Предлагаемый способ решения данной задачи заключается в следующем. Из культуры клеток глиомы выделяют тотальную РНК, проводят реакцию обратной транскрипции для синтеза первой цепи к-ДНК. Определяют уровень экспрессии следующих генов: NOTCH2, TUBB3, GDNF, SOX2, CDK4, PDGFA1, NANOG, MDM2. Проводят расчет степени злокачественности клеток в культуре по формуле:The proposed method for solving this problem is as follows. From the culture of glioma cells, total RNA is isolated, a reverse transcription reaction is carried out to synthesize the first strand of c-DNA. The expression level of the following genes is determined: NOTCH2, TUBB3, GDNF, SOX2, CDK4, PDGFA1, NANOG, MDM2. Calculate the degree of malignancy of cells in culture according to the formula:
y=1,842+0,118×Х1-0,2×Х2+0,091×Х3+0,012×Х4+0,072×Х5-0,12×Х6+0,051×Х7+0,047×Х8,y=1.842+0.118×X 1 -0.2×X 2 +0.091×X 3 +0.012×X 4 +0.072×X 5 -0.12×X 6 +0.051×X 7 +0.047×X 8 ,
гдеwhere
X1 - экспрессия гена NOTCH2;X 1 - expression of the NOTCH2 gene;
Х2 - экспрессия гена TUBB3;X 2 - expression of the TUBB3 gene;
Х3 - экспрессия гена GDNF; X 3 - expression of the GDNF gene;
Х4 - экспрессия гена SOX2; X 4 - expression of the SOX2 gene;
Х5 - экспрессия гена CDK4; X 5 - expression of the CDK4 gene;
Х6 - экспрессия гена PDGFA1; X 6 - expression of the PDGFA1 gene;
Х7 - экспрессия гена NANOG; X 7 - NANOG gene expression;
Х8 - экспрессия гена MDM2;X 8 - expression of the MDM2 gene;
при значениях y меньше 2,5 степень злокачественности культуры соответствует Grade II, при значениях y больше 2,5, но меньше 3,5 степень злокачественности культуры соответствует Grade III, при значении y больше 3,5 степень злокачественности культуры соответствует Grade IV.with values of y less than 2.5, the degree of malignancy of the culture corresponds to Grade II, with values of y greater than 2.5, but less than 3.5, the degree of malignancy of the culture corresponds to Grade III, with a value of y greater than 3.5, the degree of malignancy of the culture corresponds to Grade IV.

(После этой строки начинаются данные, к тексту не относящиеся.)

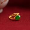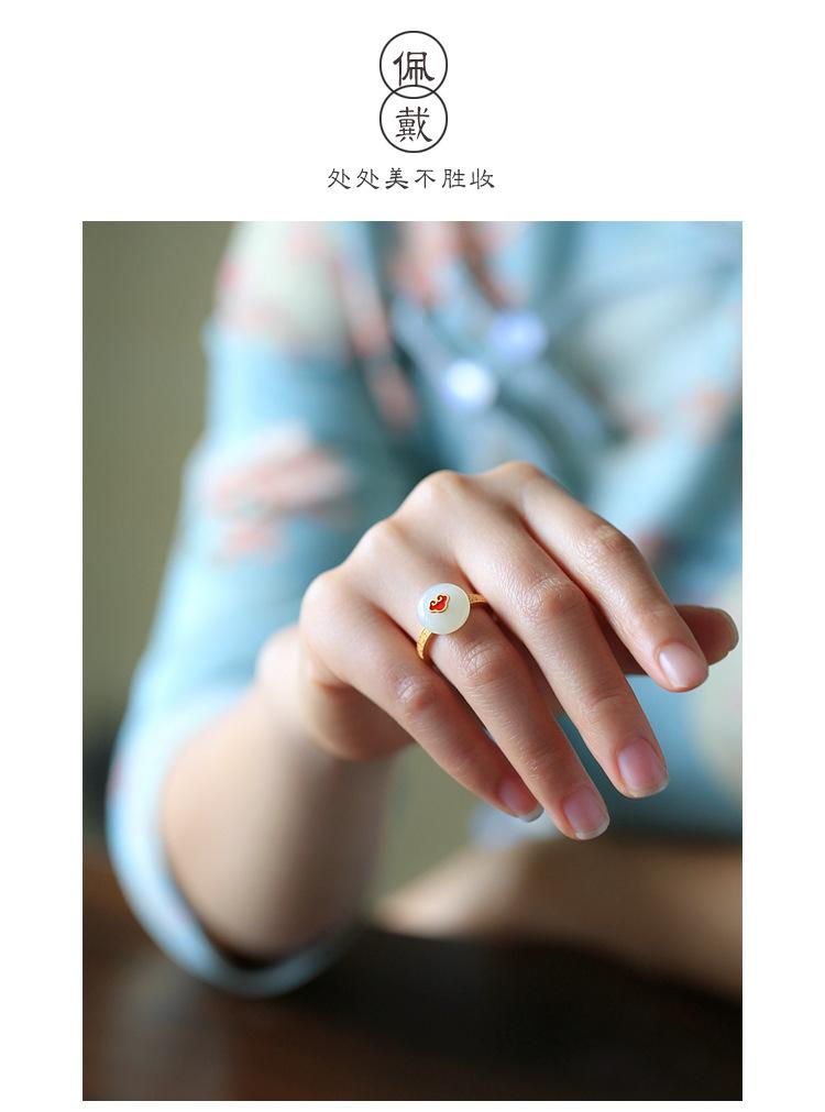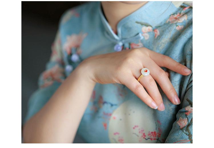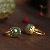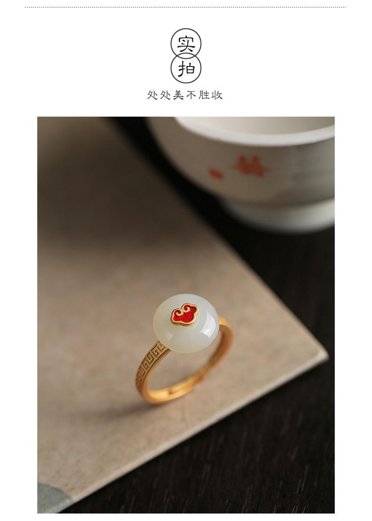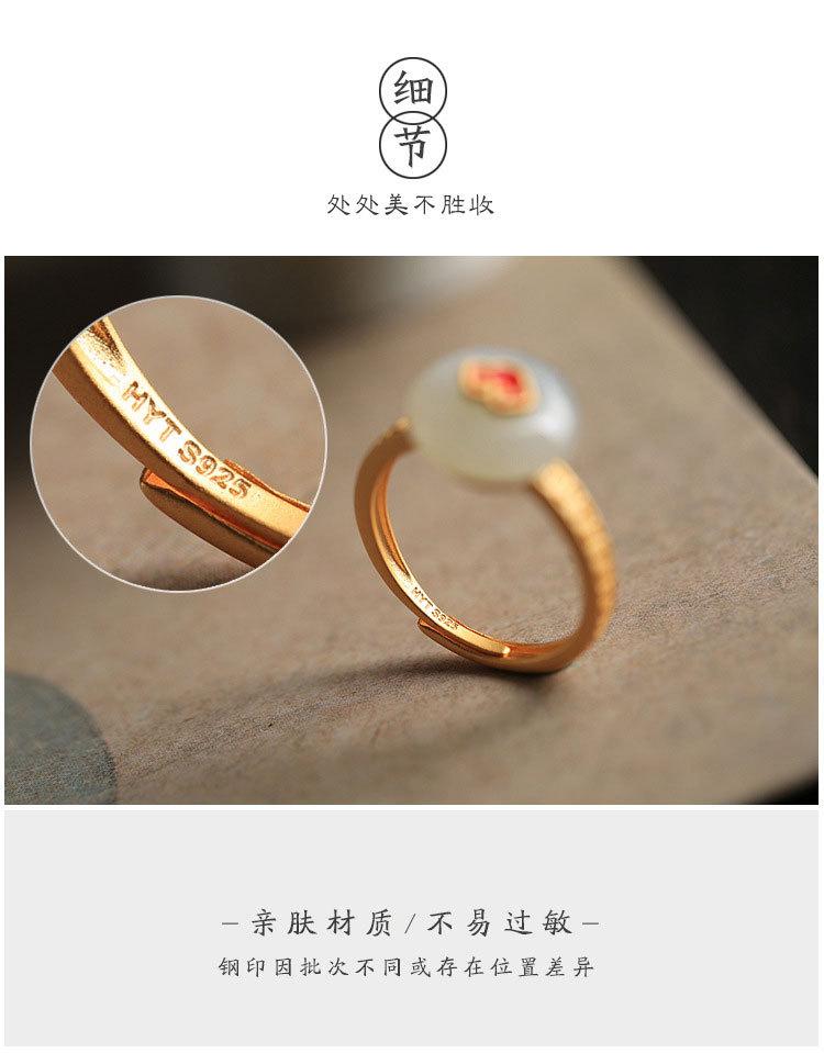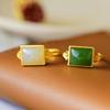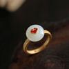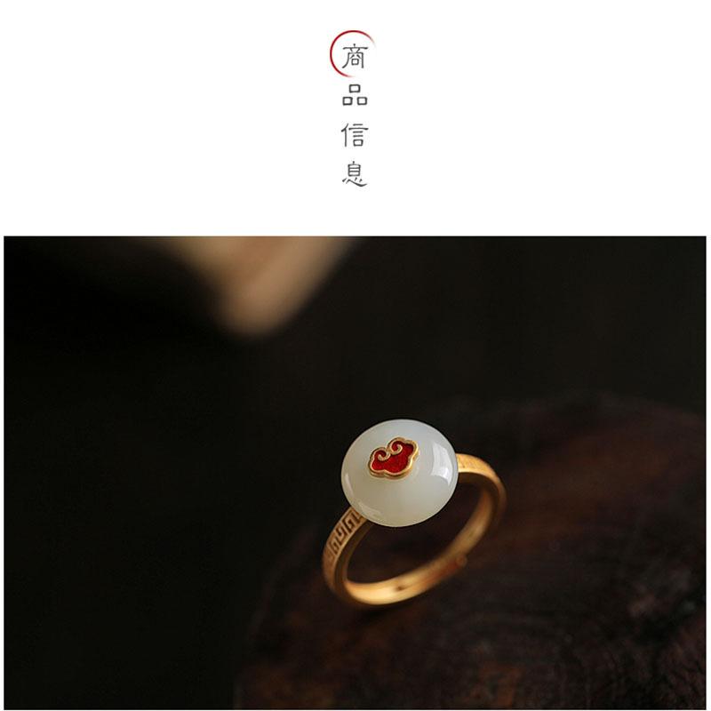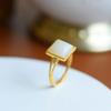 Anillo Dorado Vintage Anillo de Jade Blanco Jade Hetian Natural de la Suerte Anillo de Temperamento Estilo Corte para Mujer
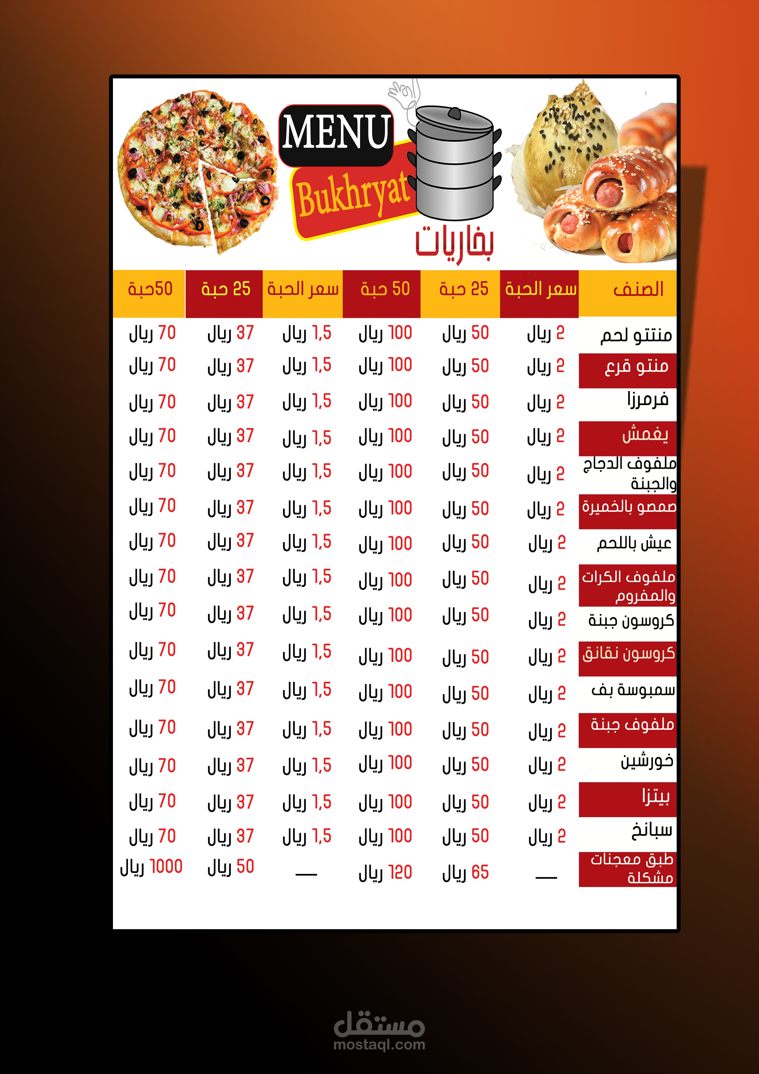 مينيو لصالح بخاريات Menu Food Bukaryat
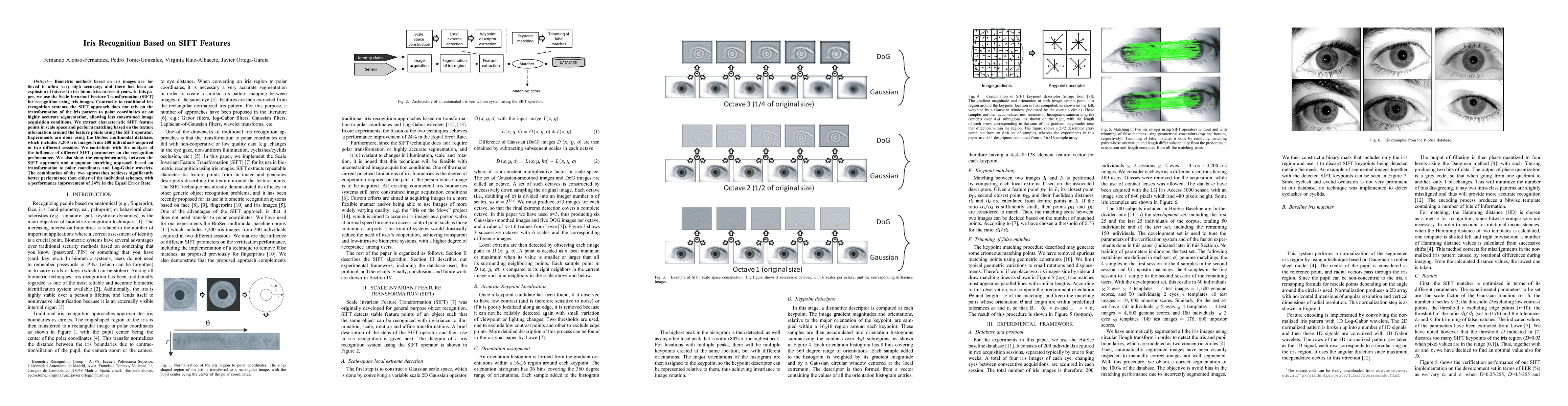This paper proposes an iris recognition method using Scale Invariant Feature Transformation (SIFT) features, which extracts characteristic points in scale space and matches them based on texture information. The SIFT approach yields high accuracy without requiring polar coordinate transformation or precise segmentation, leading to better performance under varied acquisition conditions.
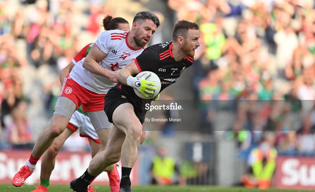 11 September 2021; Mayo goalkeeper Rob Hennelly in action against Matthew Donnelly of Tyrone during the GAA Football All-Ireland Senior Championship Final match between Mayo and Tyrone at Croke Park in Dublin. Photo by Brendan Moran/Sportsfile
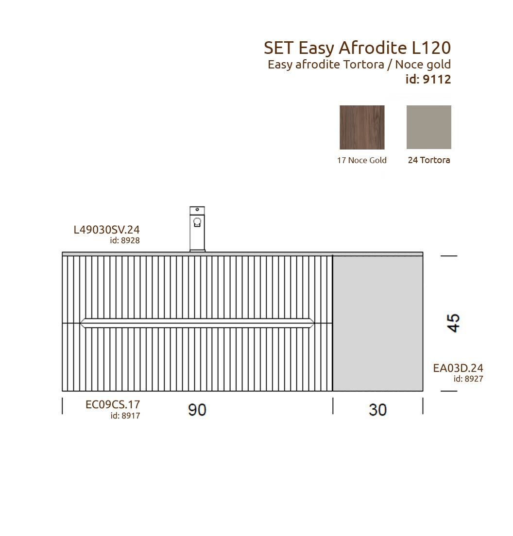 Mobilier de baie Set Easy Afrodite Tortora / Noce gold (L120)
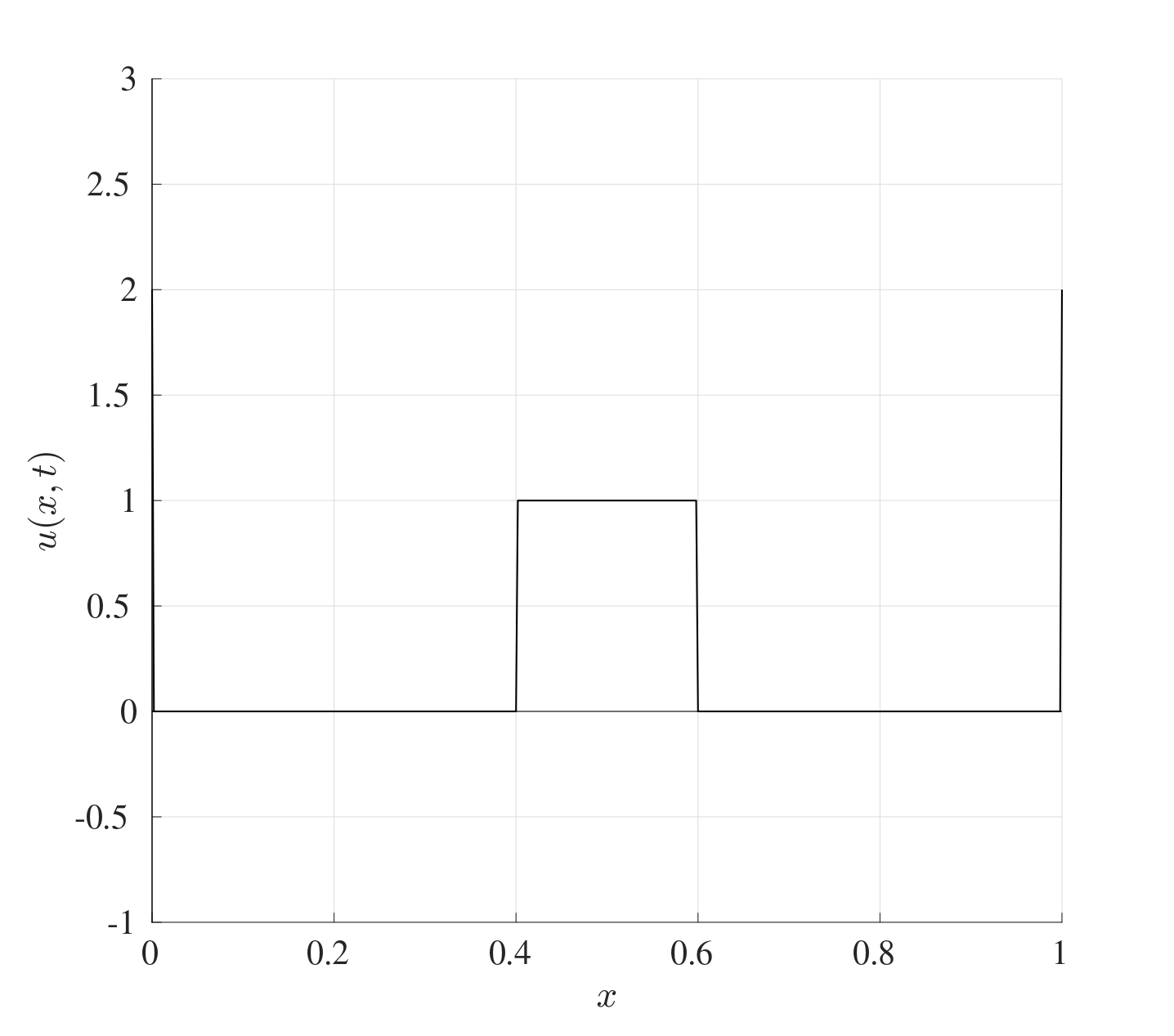 Consider the PDE along with the initial condition only, namely \(u(x,0)=u_{init}(x)\) for \(x \in [0,L]\). The exact solution to this differential equation is given by \[u(x,t)=u_{init}(x-vt),\] this can be verified from the partial differential equation as follows: \[\frac{\partial u}{\partial t}=-v \frac{\partial u}{\partial x} \quad \text{at} \quad u(x,t)=u_{init}(x-vt)\] \[\begin{align*} &\text{LHS}=\frac{\partial }{\partial t}u(x,t)=\frac{\partial }{\partial t}\left( u_{init}(x-vt) \right)=-vu_{init}'(x-vt)\\ &\text{RHS}=\frac{\partial }{\partial x}u(x,t)=\frac{\partial }{\partial x}\left( u_{init}(x-vt) \right)=-vu_{init}'(x-vt). \end{align*}\] This means that if the initial heat profile takes the form of \(u_{init}(x)\), then after time \(t\), the profile will look exactly the same but shifted to the right by a distance \(vt\).
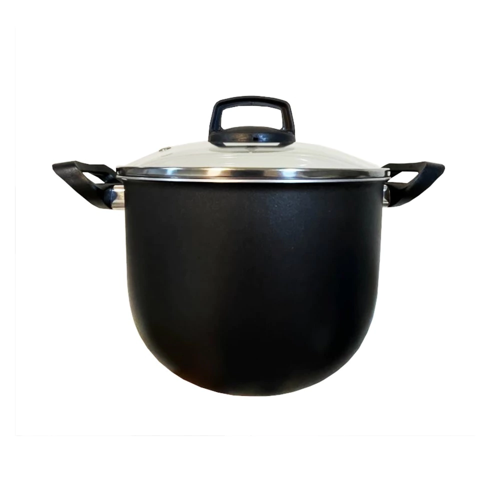Tampa de vidro temperado: permite visualizar o preparo dos alimentos sem precisar levantar a tampa, evitando perda de calor e sabor. Cabos e alças em baquelite antitérmico: proporcionam segurança e conforto durante o manuseio, mesmo com o caldeirão quente. Alumínio de alta qualidade: garante distribuição uniforme do calor, cozinhando os alimentos mais rapidamente.
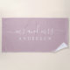 Chic pastel purple monogrammed beach towel with the large text Mr and Mrs in white elegant script. You can customise this elegant beach towel with your married name. Perfect gift for the newlywed couple. Exclusively designed for you by Happy Dolphin Studio.
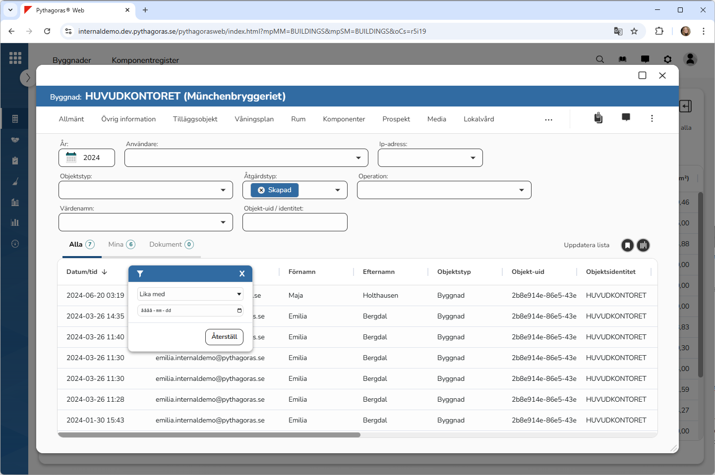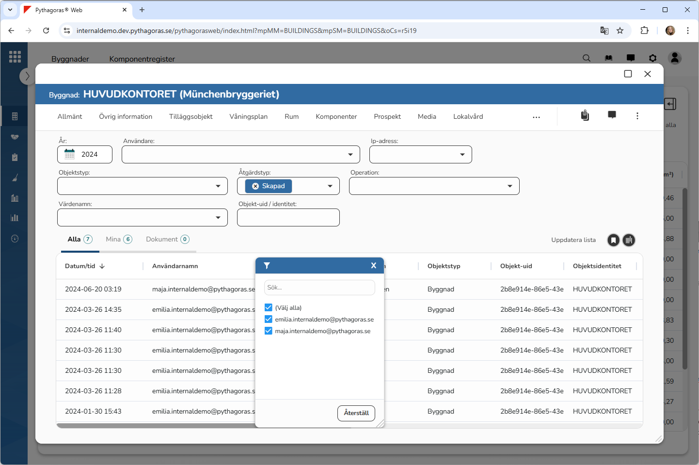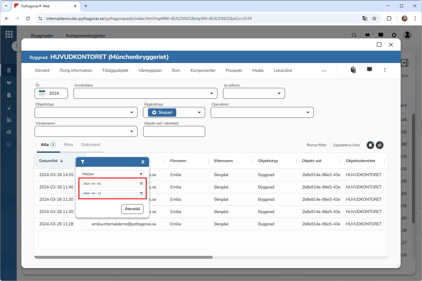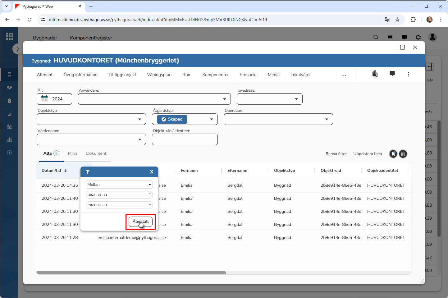 Stäng filterrutan genom att kryssa ner den eller klicka utanför den (se den första bilden nedan). När du stänger filterrutan skickas du tillbaka till aktivitetsloggen. I aktivitetsloggen hittar du den eller de aktiviteter som har kunnat matchas mot det eller de objekt du har filtrerat på. Vår filtrering på aktiviteter kopplade till användaren med användarnamnet "maja.internaldemo@pythagoras.se" gav oss en sökträff (se den andra bilden nedan). Om du vill göra din filtrering smalare kan du filtrera i någon eller några av de kolumner du inte redan har filtrerat i. För mer information om hur du rensar aktivitetsloggen på kolumnfiltrering eller återställer en kolumn efter att du har filtrerat i den, se slutet av detta avsnitt.

Для проверки адекватности выбора маркерных генов и для выведения формулы расчета злокачественности клеток мы провели исследование на 27 культурах глиом.To test the adequacy of the choice of marker genes and to derive a formula for calculating cell malignancy, we conducted a study on 27 glioma cultures.
Культуры глиом получали из тканей глиальных опухолей головного мозга человека. Материал биоптатов тканей глиомы был получен при операциях по резекции опухолей. Культуры разбили на три группы по степени злокачественности. Критерием отнесения к той или иной группе служило заключение морфологического исследования опухоли. К группе злокачественности Grade II относили культуры от пациентов с диагнозом диффузная астроцитома, группу Grade III составляли культуры от пациентов с диагнозами анапластическая астроцитома и олигодендроглиома Grade III. Группа Grade IV - это культуры, полученные из глиобластомы.Glioma cultures were obtained from tissues of human brain glial tumors. The material of biopsy specimens of glioma tissues was obtained during tumor resection operations. Cultures were divided into three groups according to the degree of malignancy. The criterion for assignment to one or another group was the conclusion of the morphological study of the tumor. Grade II malignancy group included cultures from patients diagnosed with diffuse astrocytoma, Grade III group consisted of cultures from patients diagnosed with anaplastic astrocytoma and Grade III oligodendroglioma. Grade IV group are cultures derived from glioblastoma.
Из клеток выделяли общую РНК, проводили обратную транскрипцию и определяли нормализованную экспрессию 26-ти генов.Total RNA was isolated from the cells, reverse transcription was performed, and the normalized expression of 26 genes was determined.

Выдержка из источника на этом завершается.